There are now 49 on-air shows at Mutiny, with each DJ either paying $40 per month for the honor or otherwise paying dues in "sweat equity" — volunteer work. Several people mentioned Benjamin's tirelessness and dedication; the group recently voted to give her a monthly $500 stipend for her long hours, making her the only paid staff member. (Benjamin: "It has sort of been my whole life since June of 2013.")
The station's overhead is currently $2,700 a month, says Benjamin, including rent and bills; the collective is making ends meet from a combinations of dues, live shows (the station is rented out to bands each Saturday from 8 to 10 p.m.), and a small amount of underwriting from a medical marijuana company. Mutiny hasn't been in the red since it started the rentals, says Benjamin.
Former volunteers will tell you, however, that the station has never quite seemed able to shake off the ghost of its former captain. In 2013, an entire directors' group left amidst disagreement about the station's direction. And on more than one occasion, the Mutiny audio stream and social media accounts have been shut down or taken over through what many members believe to be hacking by a vindictive and tech-savvy Roberts. (Benjamin bemoans her own lack of technical know-how, by contrast.)

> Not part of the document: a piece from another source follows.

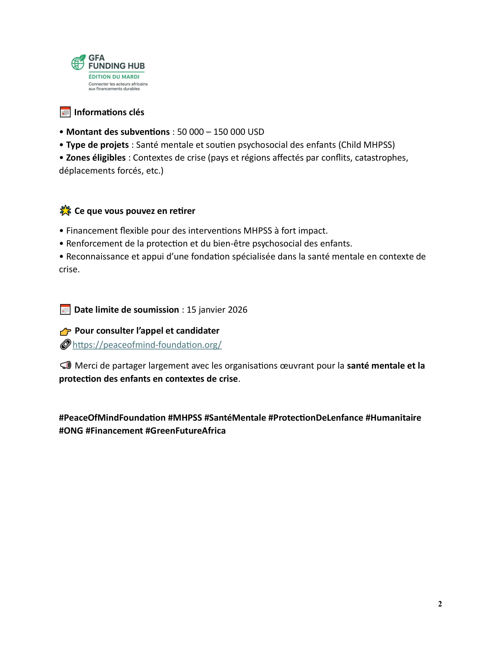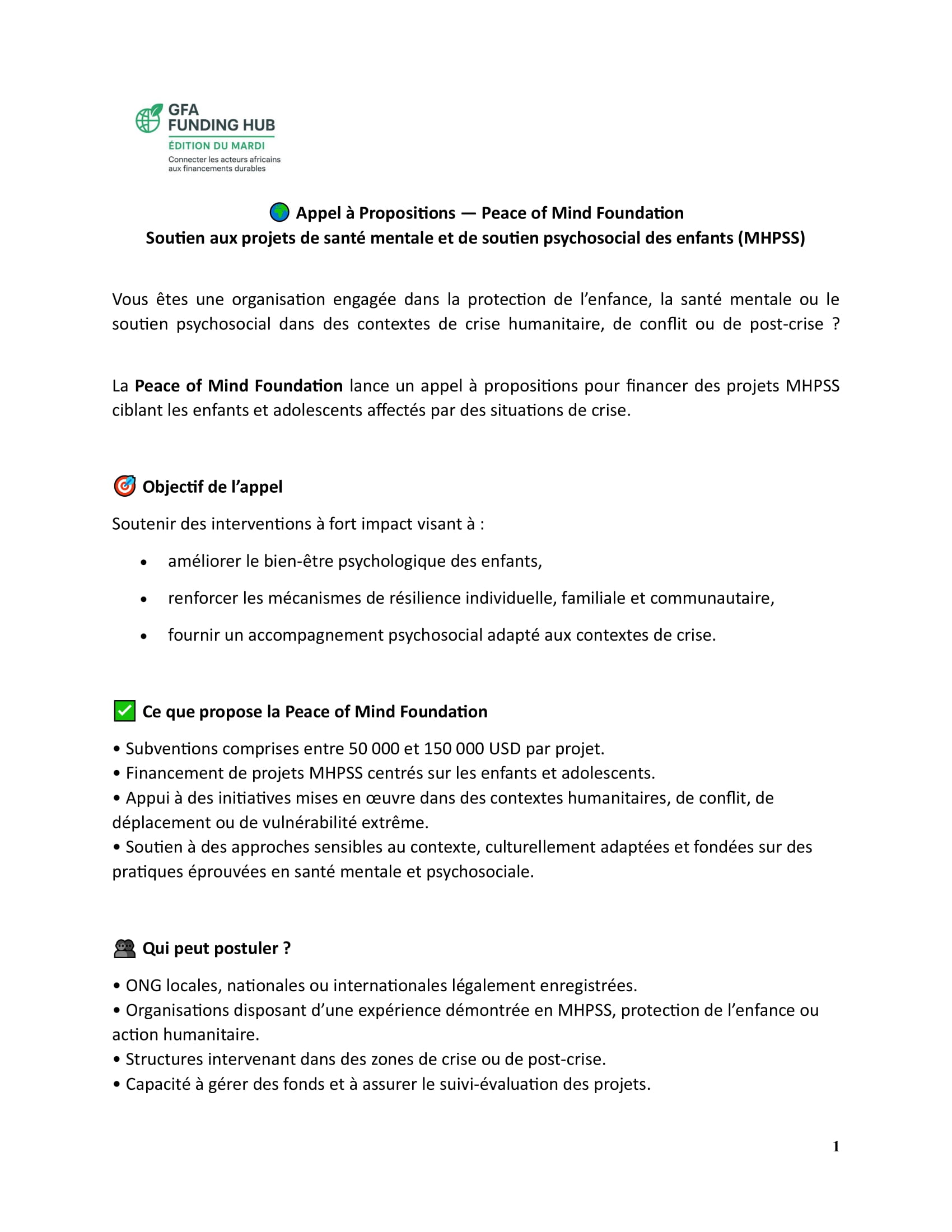 Accueil » Opportunités » Afrique » Avis d’appel à candidatures pour le Soutien aux projets de santé mentale et de soutien psychosocial des enfants (MHPSS) de GFA FUNDING HUB, une opportunité à saisir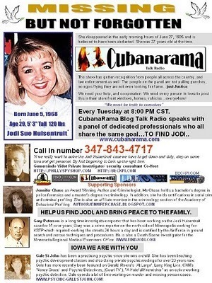 The idea for the Cold Cases Radio Show was born after a heart to heart conversation I had with my daughter about missing children, women and men. I mentioned Jodi Huisentruit during the conversation and that evening Jodi's picture was engraved in my mind, it was like a song that played over and over and over. I called PI Gumersindo Vidot and told him I had an idea for a missing person's show and I wanted him to be a part of it. Gumersindo put together a team of experts I could have only dreamed of, Award Winning Author and Criminologist Jennifer Chase. Most known for her work in missing person cases Psychic & Medium Gale St. John. Death Scene Investigator for the Minnesota Regional Medical Examiners Office and Co Investigator from FindJodi.com Gary Peterson.

Still, the station enjoys plenty of goodwill in a changing San Francisco, especially considering its location in the rapidly gentrifying Mission District. For the last three years, Mutiny has partnered with Mission Boys and Girls Club for a program in which Benjamin trains students to make their own podcasts. The cafe's walls are home to installations with names like "Eviction Times" and "Incarcerated Art," featuring work by local visual artists who receive 100 percent of the proceeds. Iconic San Francisco rabble rouser Diamond Dave Whitaker hosts a talk show that's hard to imagine anywhere else. The studio has hosted musical guests like George Clinton and Toots and the Maytals, provided stage time for nearly every underground comic in town, and offered independent coverage of the Occupy movement at a time when, arguably, many other media sources in the Bay Area couldn't, or wouldn't.